Task statement —
Copy exactly, and only, the lines from the line containing "Cable Harness Towbar/tow Hitch 4-pin V70" through the last line of the records below, both included, and leave out any pictures.

Input —

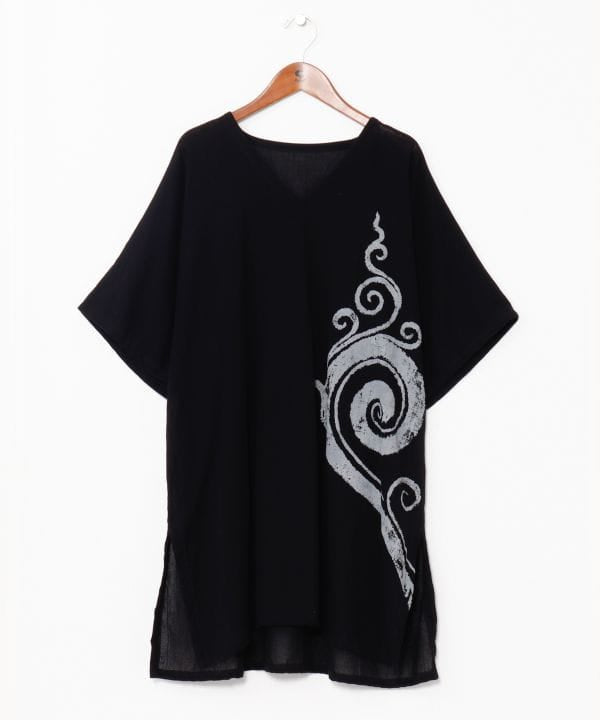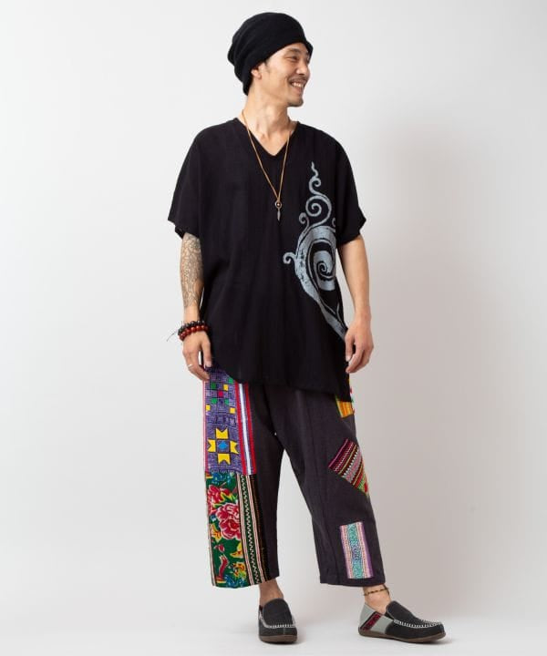 Carefully curated in Thailand. An oversized men’s top made from textured cotton fabric. Deep side slits enhance movement and pair well with voluminous bottoms. The bold print adds visual interest while maintaining a relaxed, minimal feel. A versatile piece that combines comfort with subtle cultural design elements.
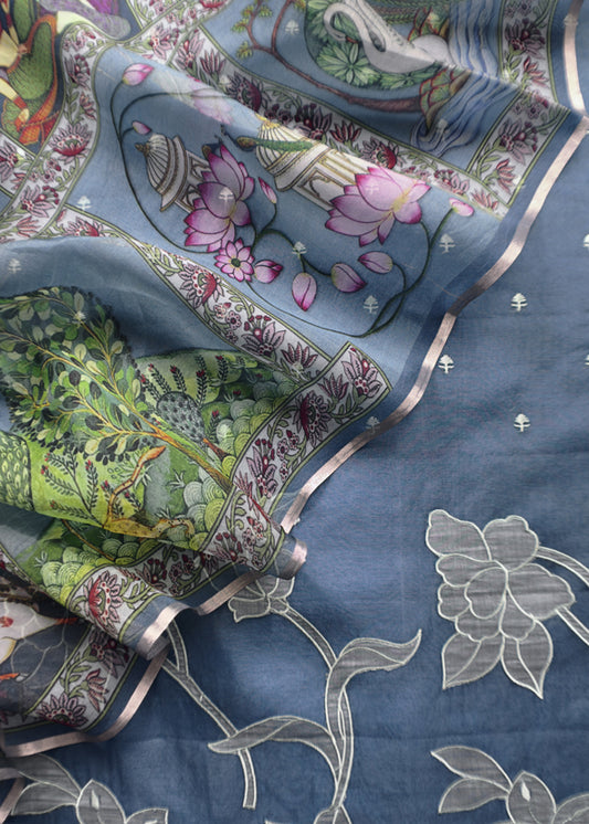 Royal Blue Pure Organza Suit with Rose Tissue Appliqué Work and Pichwai dupatta
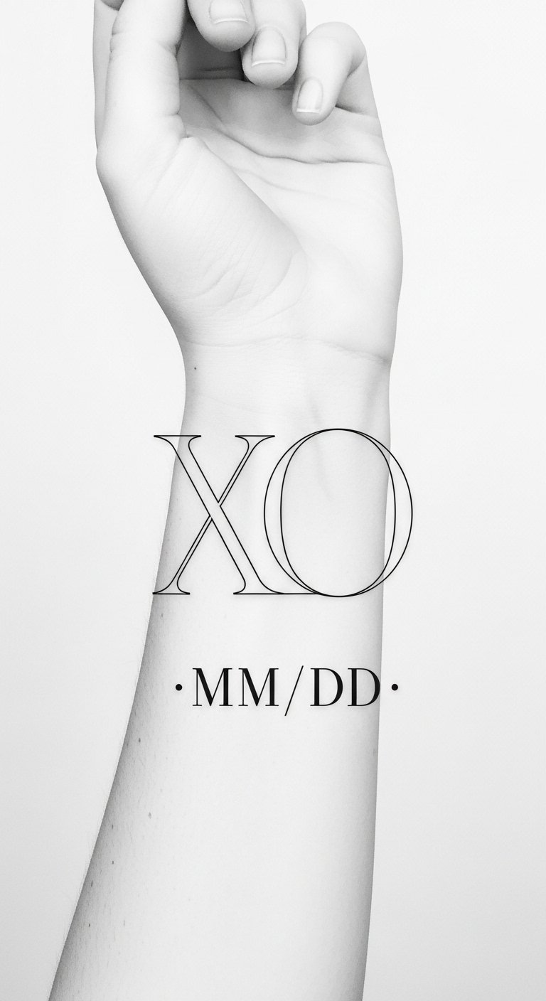 This concept blends the classic XO symbol with an entwined heart and a discreet date to convey enduring affection and personal history; the fine lines and soft watercolor accent express tenderness and vulnerability while the negative space keeps it intimate and understated. Emotionally it reads as a quiet promise or memento of a meaningful bond—suitable for couples or close friends who want a permanent, elegant reminder. Placement on the inner wrist offers visibility for personal reflection yet can be easily covered, making it both a public declaration and a private talisman.
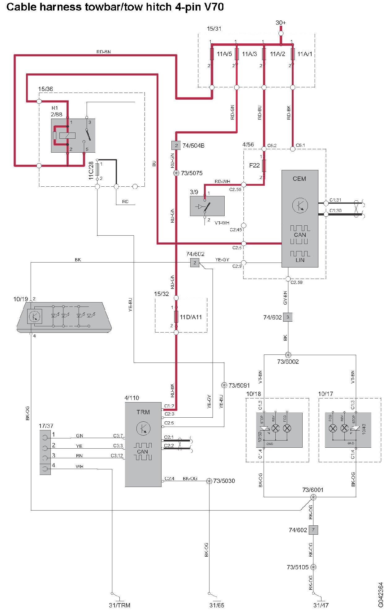 Cable Harness Towbar/tow Hitch 4-pin V70
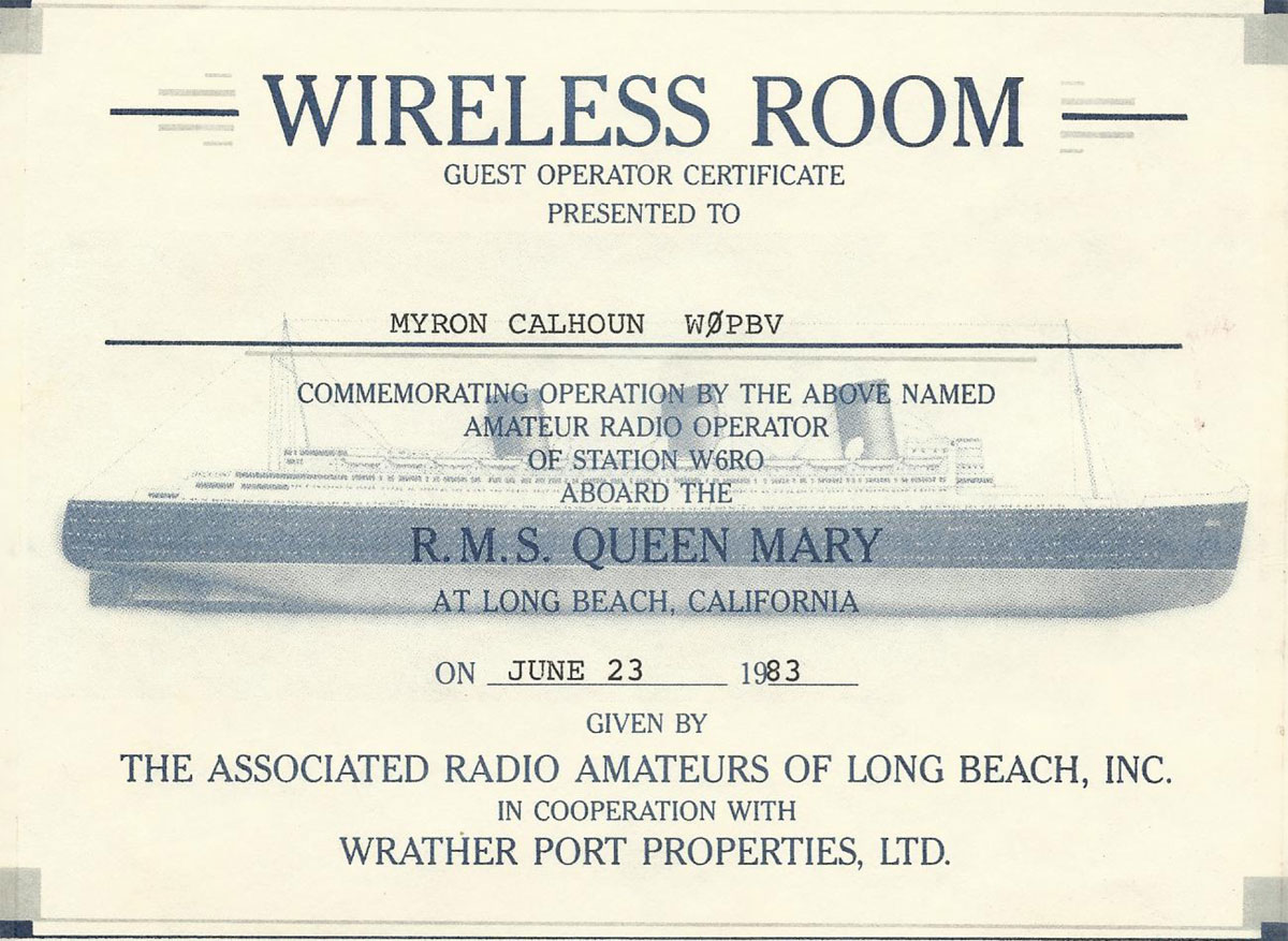 Myron Calhoun says, "It was a long time ago when I operated from the Queen Mary's radio room (while it was -- and still is -- "parked" and acting as a tourist attraction in Long Beach, CA), but I was a MAARS member then."
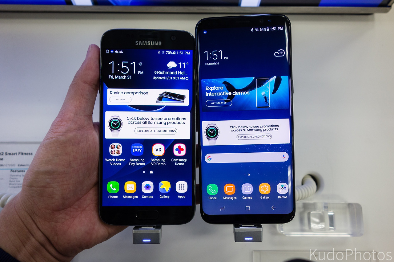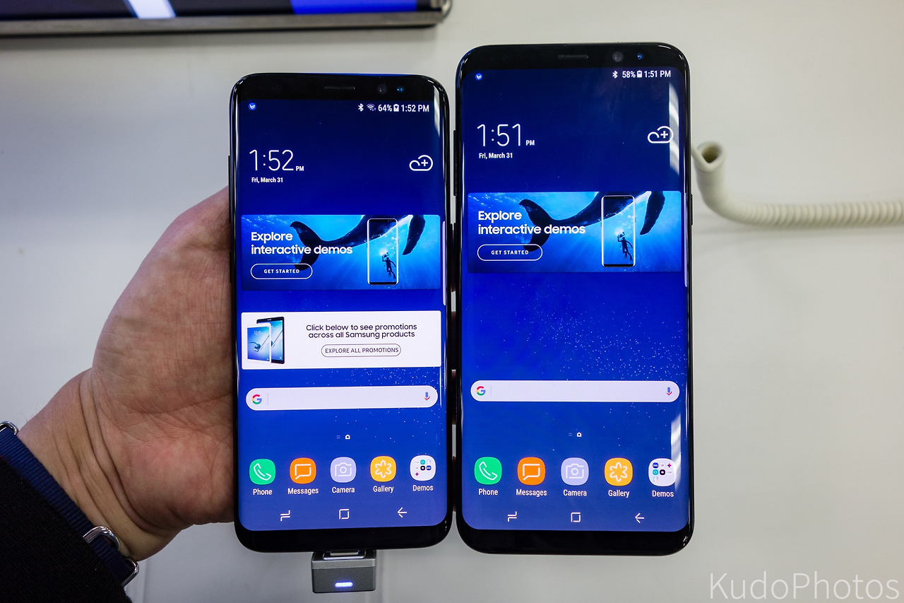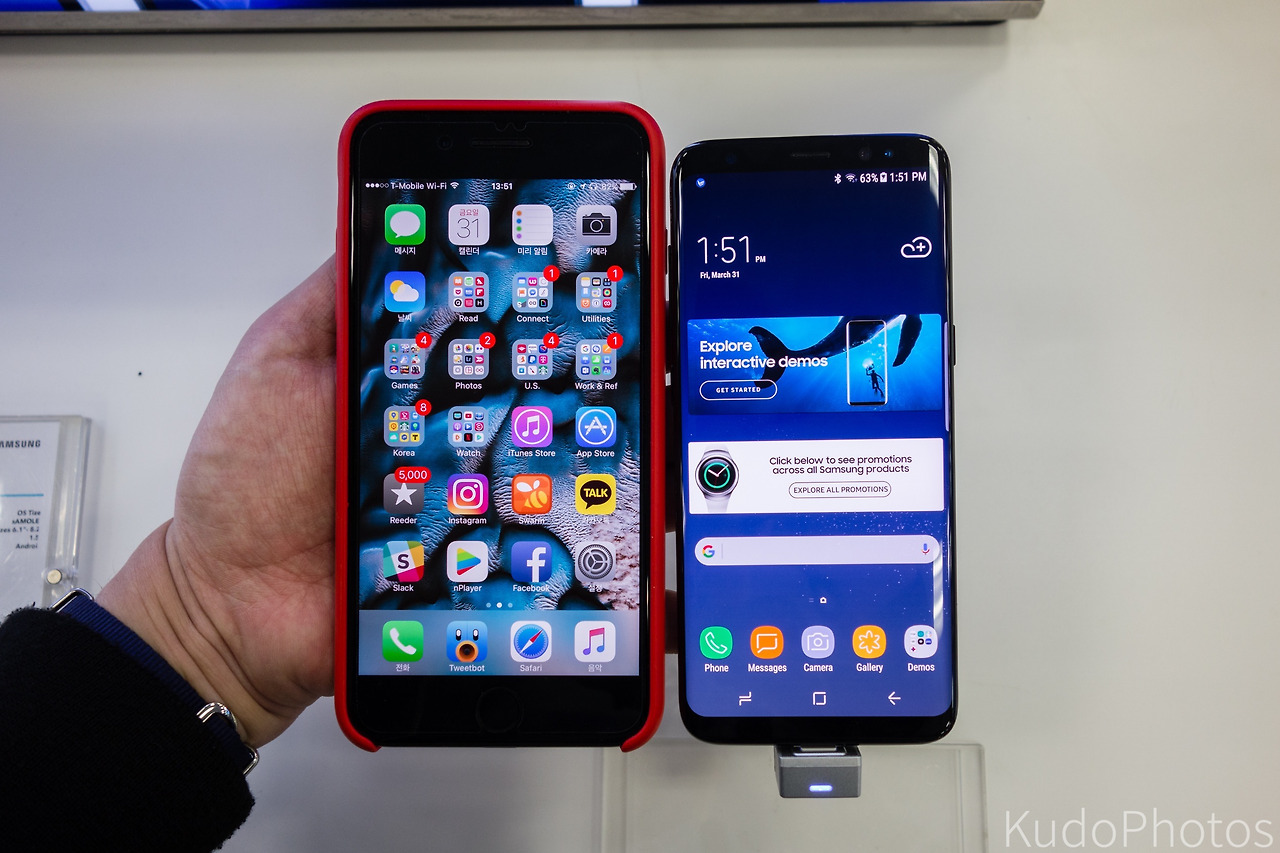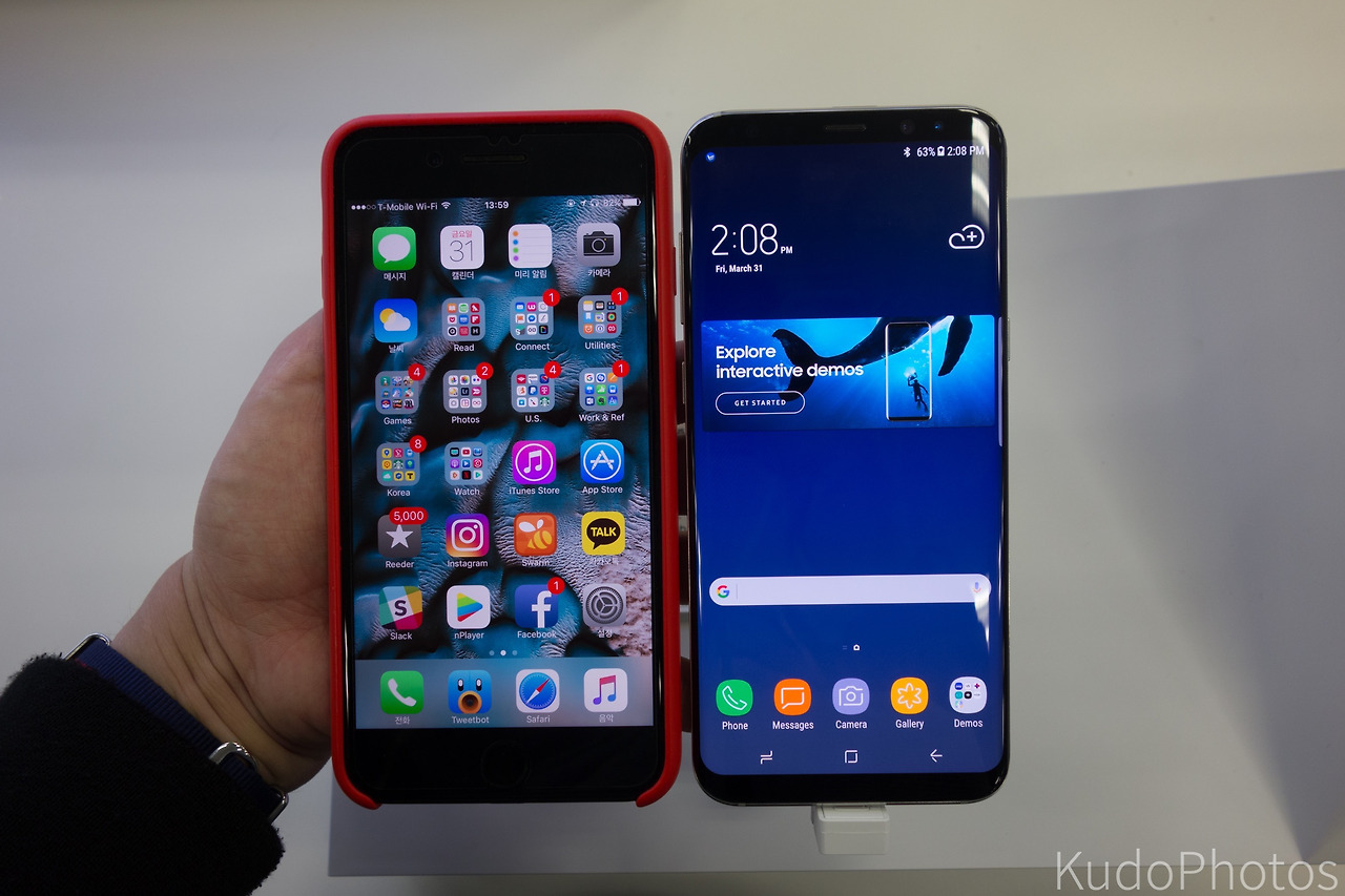 두 번째 효과는 크기이다. 5.8인치 디스플레이를 탑재한 갤럭시 S8은 5.5인치인 아이폰 7 플러스보다 눈에 띄게 작았다. 6.2인치짜리 S8 플러스가 아이폰과 크기가 거의 비슷했지만 높이만 같을 뿐, 너비는 약간 더 좁았다.

Output of the task —
 Cable Harness Towbar/tow Hitch 4-pin V70
 Myron Calhoun says, "It was a long time ago when I operated from the Queen Mary's radio room (while it was -- and still is -- "parked" and acting as a tourist attraction in Long Beach, CA), but I was a MAARS member then."
 두 번째 효과는 크기이다. 5.8인치 디스플레이를 탑재한 갤럭시 S8은 5.5인치인 아이폰 7 플러스보다 눈에 띄게 작았다. 6.2인치짜리 S8 플러스가 아이폰과 크기가 거의 비슷했지만 높이만 같을 뿐, 너비는 약간 더 좁았다.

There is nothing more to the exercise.